Event Aggregation and Anomaly Detection with Spark Streaming, AWS Managed Kafka and Athena
This explores a hypothetical use-case where electricity usage is monitored in real-time with an intent to reduce consumption to help meet both cost reduction and sustainability goals. Streaming usage data is aggregated into hourly average consumption for Analysts use. Additionally real-time alerts are generated whenever a electricity usage anomaly is detected (i.e. a deviation from previous exected usage values).
GitHub repository for project files can be found here.
Use-Case Data
Data for use-case exploration is sourced from Boston Public Library in Copley Square and made available via Analyze Boston.
Data is structured in a tabular format with 3 columns:
- usage_datetime_start_eastern_time - provides start of monitoring window
- usage_datetime_end_eastern_time - provides end of monitoring window
- usage_kw - measured kilowatt usage during monitoring window.
Note: Data is provided daily, with a temporal granularity of every 5 minutes. In order to support a streaming data use-case we will “play back” data via a Streaming Producer to simulate a truely streaming data source.
Use-Case Technical Overview
This use-case is supported via the following infrastrutcure:
Main architecture systems and technologies discussed include:
- Amazon Managed Streaming for Kafka to provide provisioned Kafka infrastructure and brokers for streaming data processing.
- Terraform for infrastructure deployment automation.
- Spark Streaming for streaming analytics and aggregation.
- Delta Lake format for data table persistence.
- AWS Athena to provide a query engine backed by Delta and S3.
- PowerBI Desktop to provide a Dashboard interface for reporting.
- Sci-kit Learn to provide ML packages for anamoly detection.
Electricity usage monitoring events are generated via the Streaming Producer and published to the Kafka usage
topic. From there, a Spark Streaming Consumer aggregates hourly average reported usage and writes to S3-backed Delta Lake file via upserts. PowerBI connects to Athena to execute queries against the Delta tables and provide interactive analytics to a Business Analyst. Additionally a polling Consumer processes real-time events and compares to values from previous same day/hour/minute periods. If anamolies are identified (via Isolation Forest ML) an additional event is published to Kafka anomaly
topic for potential down-stream processing.
Infrastructure Setup
S3 Bucket creation
To establish location for assets (e.g. code) and data persistence we will create a S3 bucket with the following folders:
- assets/ - contains code/files that will be downloaded and executed by EC2 producer and consumer instances
- deltalake/ - will contain the deltalake formatted datatables from streaming aggregation consumer
- checkpoint/ - will contain checkpoints from Spark Streaming writeStream
Within the assets
folder you should include the following files for EC2 instance use:
- data_stream.csv - data from Boston Analyze representing usage monitoring stream.

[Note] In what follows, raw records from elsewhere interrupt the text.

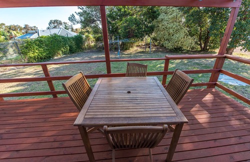 This cozy beach cottage is on a large block, set within the rain forest of Denmark. It is within walking distance of the beach and Wilson's Inlet. Minutes from the all weather boat ramp which also has plenty of room for car parking, and fish cleaning facilities. It would be the rare occasion when kangaroos don't entertain on the golf greens which are also close to the tennis courts. Kayaking on the Denmark River is another fun activity.
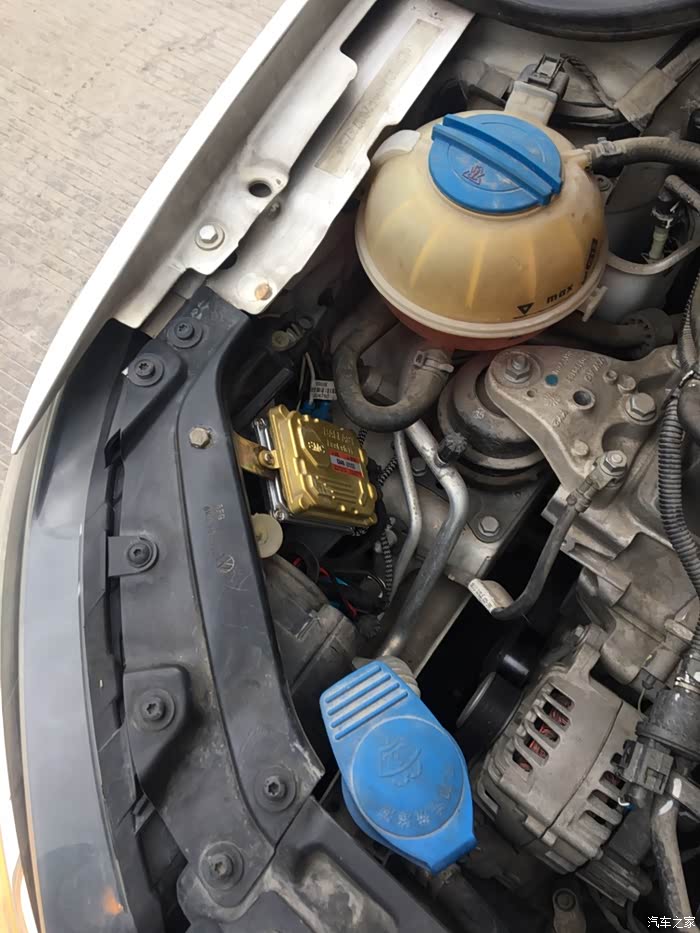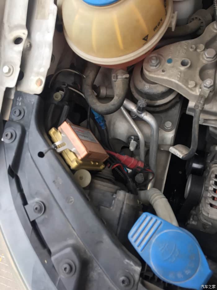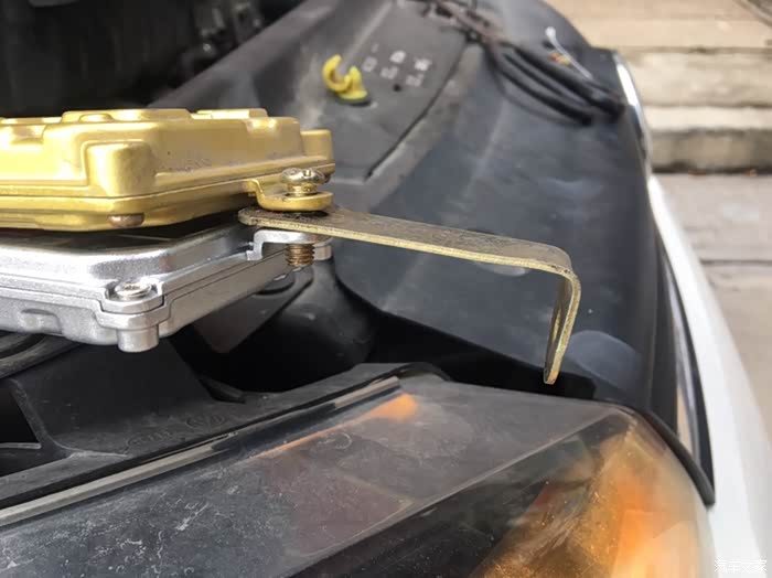 用螺丝固定在大灯支架上,这样以后就减少了震动带来的异响了,以后用塑料卡扣扣的时候总是会有异响,毕竟不是硬连接,产生异响也是正常的。
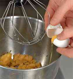 Охладить тесто до 60°–70° C и постепенно, по одному, ввести все яйца, взбивая до однородной массы.
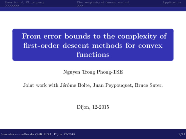 Error bound implies KL Theorem Let f : H → R ∪ {∞} be a proper, convex and lower-semicontinuous, with min f = 0. Let η > 0, ϕ ∈ K(0, η), c > 0, ρ > 0, η ∈ (0, 1) and ¯ x ∈ argmin f. (i) If ∂0f(x) ≥ c|f(x)|θ, ∀x ∈ [0 < f < η] ∩ B(¯ x, ρ), then dist (x, S) ≤ [c(1 − θ)]−1|f(x)|1−θ, ∀x ∈ [0 < f < η] ∩ B(¯ x, ρ). (ii) Conversely, if c|f(x)|1−θ ≥ dist (x, S), ∀x ∈ [0 < f < η] ∩ B(¯ x, ρ), then ∂0f(x) ≥ c−1|f(x)|θ, ∀x ∈ [0 < f < η] ∩ B(¯ x, ρ). Journ´ ees annuelles du GdR MOA, Dijon 12-2015 9/17

- producer.py & prod-requirements.txt - provides Python code for streaming Producer and pip install requirements.
- consumer.py & cons-requirements.txt - provides Python code for Spark Streaming aggregation Consumer and pip install requirements.
- ml.py & ml-requirements.txt - provides Python code for Sci-kit learn anomaly detection Consumer polling implementation.
Note: Asset file names can be changed but would require respective updates to EC2 Terraform templates. For instance you can see line in producer.tftpl ‘hard-coded’ reference to producer.py
:
aws s3 cp s3://cscie192-final/assets/producer.py ./producer.py
Future updates could consider automating creation of S3 bucket and upload of asset files via Terraform.
Deploying Kafka (MKS) Infrastructure with Terraform
In a previous article we have looked at running Kafka in a local Docker container. For this exploration we would like to use various AWS services and so will deploy into a Managed AWS environment (MSK).
Given complexity of infrastruture deployment we should automate via Terraform. This article provides a solid foundation for MSK terraform deployment and outlines default configuration options selected in cluster deployment. Minor changes specific for use-case can be found in GitHub repository here. Changes included:
- Adding AWS t2.small EC2 “Producer” Ubuntu instance in public subnet (template)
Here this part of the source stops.